EXTRACTED INFORMATION section start

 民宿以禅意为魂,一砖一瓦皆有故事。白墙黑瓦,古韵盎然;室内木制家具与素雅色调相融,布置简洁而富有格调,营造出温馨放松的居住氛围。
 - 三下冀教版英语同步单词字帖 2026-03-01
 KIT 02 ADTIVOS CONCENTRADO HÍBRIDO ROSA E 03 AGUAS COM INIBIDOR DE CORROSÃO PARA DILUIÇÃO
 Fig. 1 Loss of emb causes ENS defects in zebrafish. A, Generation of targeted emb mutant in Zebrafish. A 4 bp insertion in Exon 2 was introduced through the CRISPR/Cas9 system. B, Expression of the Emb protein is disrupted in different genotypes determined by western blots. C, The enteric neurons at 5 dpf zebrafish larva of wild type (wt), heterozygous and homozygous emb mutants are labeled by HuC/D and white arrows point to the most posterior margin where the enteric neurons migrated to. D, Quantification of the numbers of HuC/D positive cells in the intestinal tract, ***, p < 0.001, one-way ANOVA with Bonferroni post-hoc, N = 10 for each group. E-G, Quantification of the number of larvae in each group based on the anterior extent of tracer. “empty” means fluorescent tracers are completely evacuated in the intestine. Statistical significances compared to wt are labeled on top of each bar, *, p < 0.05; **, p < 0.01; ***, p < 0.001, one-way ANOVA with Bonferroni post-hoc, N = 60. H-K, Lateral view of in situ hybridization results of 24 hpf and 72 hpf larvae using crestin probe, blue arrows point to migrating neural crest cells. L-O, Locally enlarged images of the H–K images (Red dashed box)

EXTRACTED INFORMATION section end
EXTRACTED INFORMATION section start

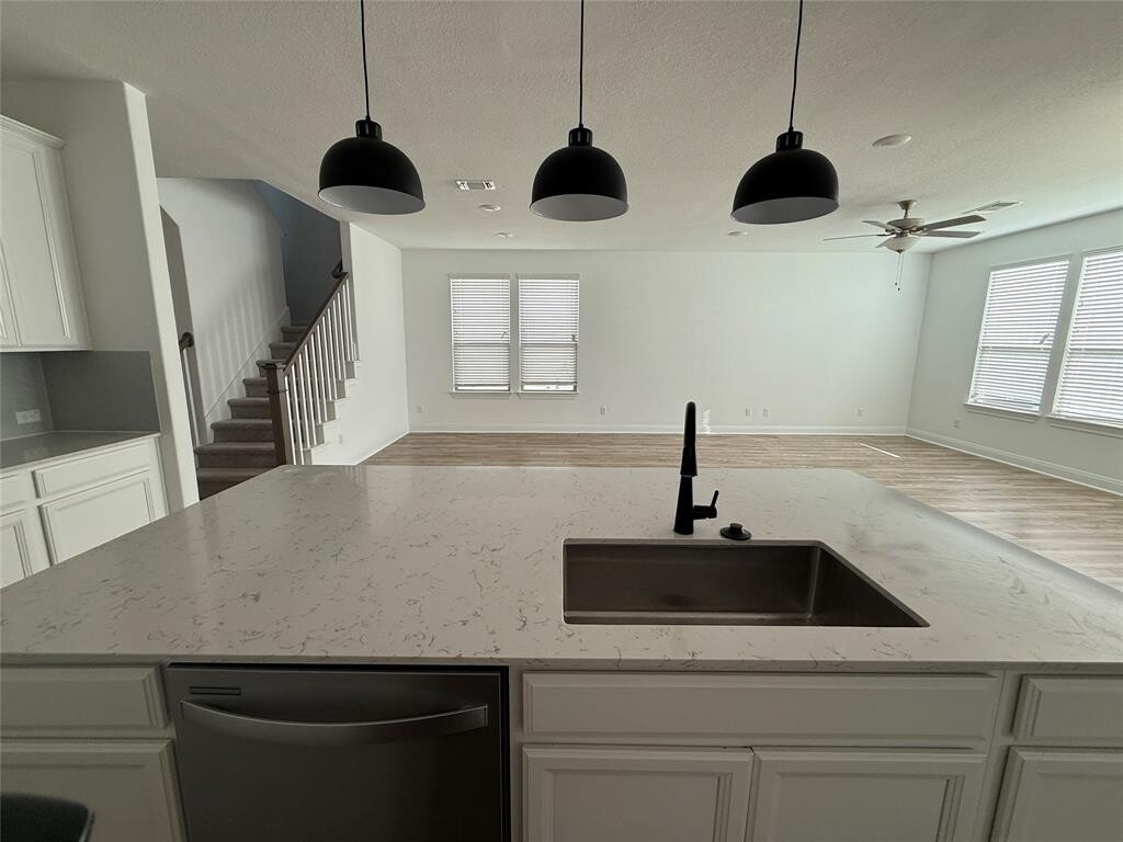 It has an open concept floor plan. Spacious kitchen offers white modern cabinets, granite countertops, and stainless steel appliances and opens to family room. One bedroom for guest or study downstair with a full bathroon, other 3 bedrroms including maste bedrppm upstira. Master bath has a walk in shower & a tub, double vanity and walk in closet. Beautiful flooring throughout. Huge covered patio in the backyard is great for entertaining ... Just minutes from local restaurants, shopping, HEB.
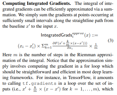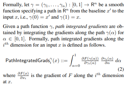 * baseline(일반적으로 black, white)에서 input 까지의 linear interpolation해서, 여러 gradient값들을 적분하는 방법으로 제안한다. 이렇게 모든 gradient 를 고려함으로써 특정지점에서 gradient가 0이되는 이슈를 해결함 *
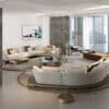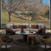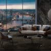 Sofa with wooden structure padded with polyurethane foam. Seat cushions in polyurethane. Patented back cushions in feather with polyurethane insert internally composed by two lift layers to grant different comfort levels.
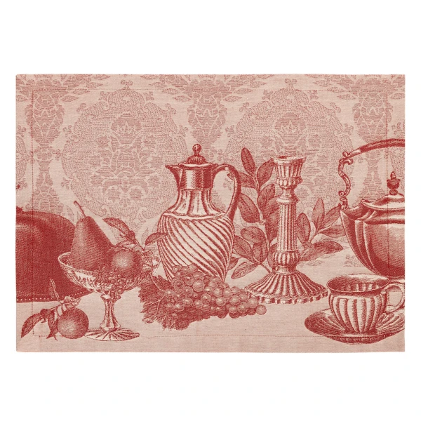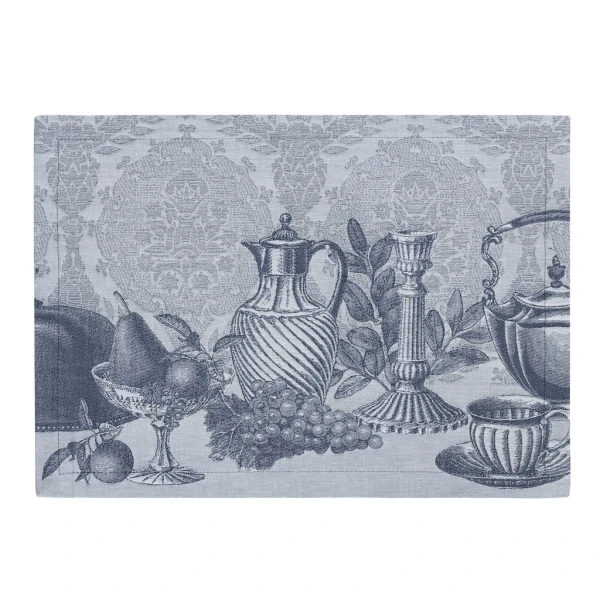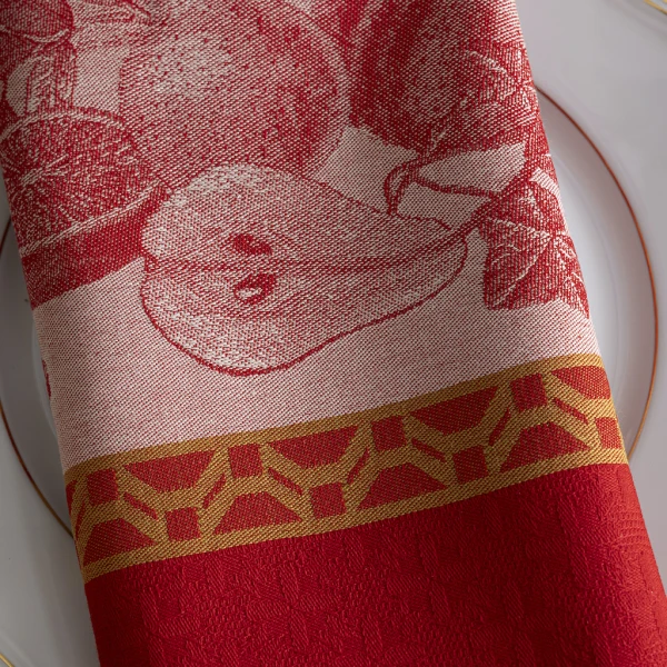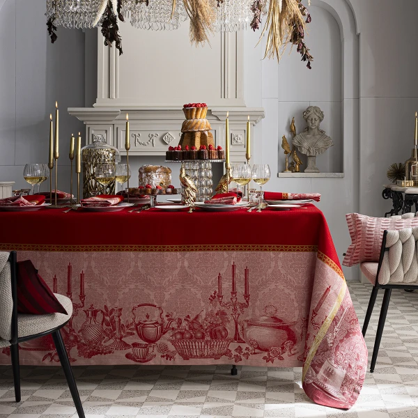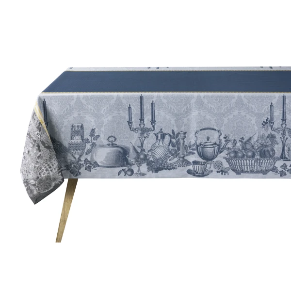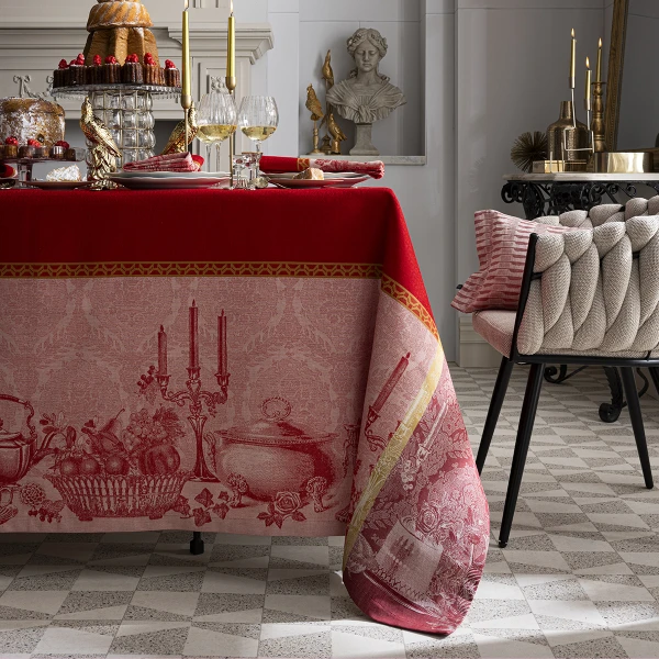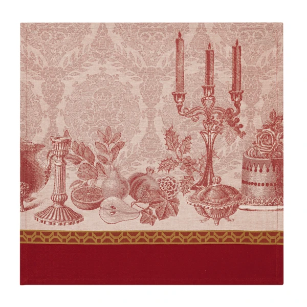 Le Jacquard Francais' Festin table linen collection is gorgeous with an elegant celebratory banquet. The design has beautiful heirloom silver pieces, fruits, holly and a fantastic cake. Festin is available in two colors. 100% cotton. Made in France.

EXTRACTED INFORMATION section end

Looking at the entries above, can you reproduce exactly the lines from the one that holds "民宿以禅意为魂,一砖一瓦皆有" through the one that holds "KIT 02 ADTIVOS", and only those?

 民宿以禅意为魂,一砖一瓦皆有故事。白墙黑瓦,古韵盎然;室内木制家具与素雅色调相融,布置简洁而富有格调,营造出温馨放松的居住氛围。
 - 三下冀教版英语同步单词字帖 2026-03-01
 KIT 02 ADTIVOS CONCENTRADO HÍBRIDO ROSA E 03 AGUAS COM INIBIDOR DE CORROSÃO PARA DILUIÇÃO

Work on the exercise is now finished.